Drawing parallels with the way biological networks are studied, we adapt the treatment--control paradigm to explainable artificial intelligence research and enrich it through multi-parametric input alterations. In this study, we propose a framework for investigating the internal inference impacted by input data augmentations. The internal changes in network operation are reflected in activation changes measured by variance, which can be decomposed into components related to each augmentation, employing Sobol indices and Shapley values. These quantities enable one to visualize sensitivity to different variables and use them for guided masking of activations. In addition, we introduce a way of single-class sensitivity analysis where the candidates are filtered according to their matching to prediction bias generated by targeted damaging of the activations. Relying on the observed parallels, we assume that the developed framework can potentially be transferred to studying biological neural networks in complex environments.

Paper Structure

This paper contains 30 sections, 12 equations, 5 figures, 9 tables.

Figures (5)

  • Figure 1: Summarized pipeline of the proposed framework. A block is referred to as a segment of a neural network participating in the analysis as a single mapping from its input to the corresponding activations. A checkpoint is a point of the network at which activations are gathered; as it is related to the preceding block, we use both terms interchangeably.
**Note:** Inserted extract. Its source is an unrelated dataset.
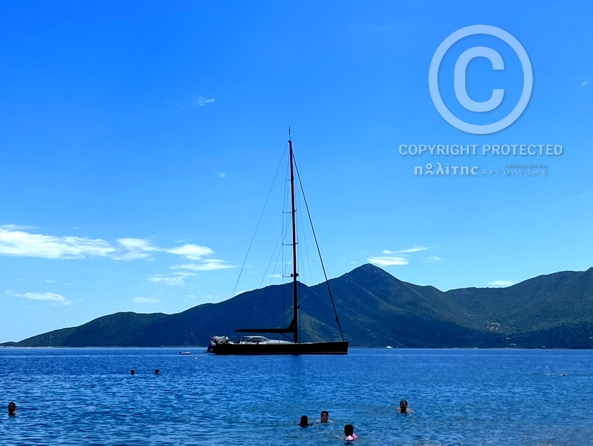 Το σκάφος… μάγεψε το «μαγευτικό» Λεωνίδιο. Εντυπωσιασμένοι οι λουόμενοι κοιτούσαν το επιβλητικό ιστιοφόρο να περνά μόλις λίγα μέτρα από την Παραλία της Πλάκας.

  • Figure 2: Sample image from the ILSVRC dataset, its corresponding HSV decomposition and examples of single and simultaneous augmentations considered in the study.
  • Figure 3: Examples of the sensitivity to initial augmentations of the ILSVRC input manifesting itself in deep layers (a--c) and corresponding log-transformed coefficients of variance (d--f). (a), (d): AlexNet, checkpoint at output from features.7 module, 301-st output channel (neuron), grayscale and saturation. The larger sensitivity to grayscaling matched with lower CoV value, and vice versa for saturation; (b), (e): VGG11, avgpool, 462, erasing. The prominent sensitivity to erasing is not expressed in higher CoV values; (c), (f): ResNet18, layer3, 193, rolling and elliptic local blur. For the latter transform, the sensitivity exhibits clear spatial structure, which is only slightly revealing itself in a CoV map.
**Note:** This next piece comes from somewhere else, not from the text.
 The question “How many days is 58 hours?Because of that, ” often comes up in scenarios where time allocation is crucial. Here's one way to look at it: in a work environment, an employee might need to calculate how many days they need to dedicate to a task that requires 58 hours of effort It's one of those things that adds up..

  • Figure 4: Correlation patterns extracted by guided damaging of activations during inference. The darker colours correspond to the lower values of correlation. Each item within a single heatmap is a Spearman correlation between augmented and non-augmented masked inputs. Rows correspond to augmentations used for transforming the input, and columns give the SA variables as sources for building masks. Sensitivity values are designated as follows: shpv are Shapley values, and si and siT are the first-order and total Sobol indices, respectively.
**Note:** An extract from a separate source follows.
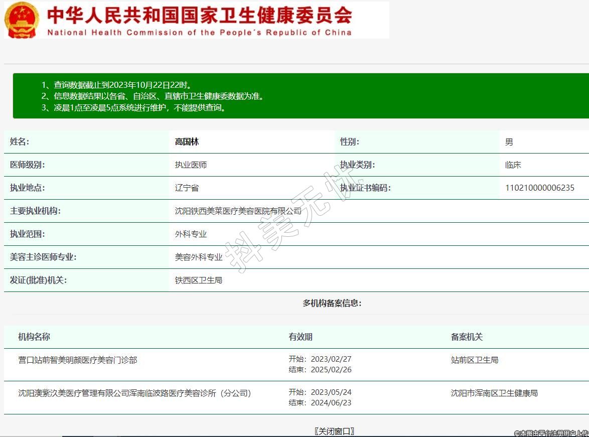 主要執(zhí)業(yè)機(jī)構(gòu):沈陽鐵西美萊醫(yī)療美容醫(yī)院有限公司

  • Figure 5: Higher-order correlation patterns extracted for the segments separated from their networks. At first, Spearman correlations between paired SA variables were computed at a checkpoint level for both isolated fixed-channel segments (H/S/V) and corresponding original parts. Then, the cross-correlations between triangular parts of these matrices were computed, matching different checkpoint levels. (a) Results for paired checkpoints within a fixed input channel (isolated segments only). Lighter colours encode correlations closer to zero (in their absolute value). (b) Matching the isolated and original segments. Darker colours correspond to lower values. Single heatmap legend: rows correspond to single-channel checkpoints, columns to ones of original. Both (a) and (b): hatched cells indicate constant input that could not be correlated.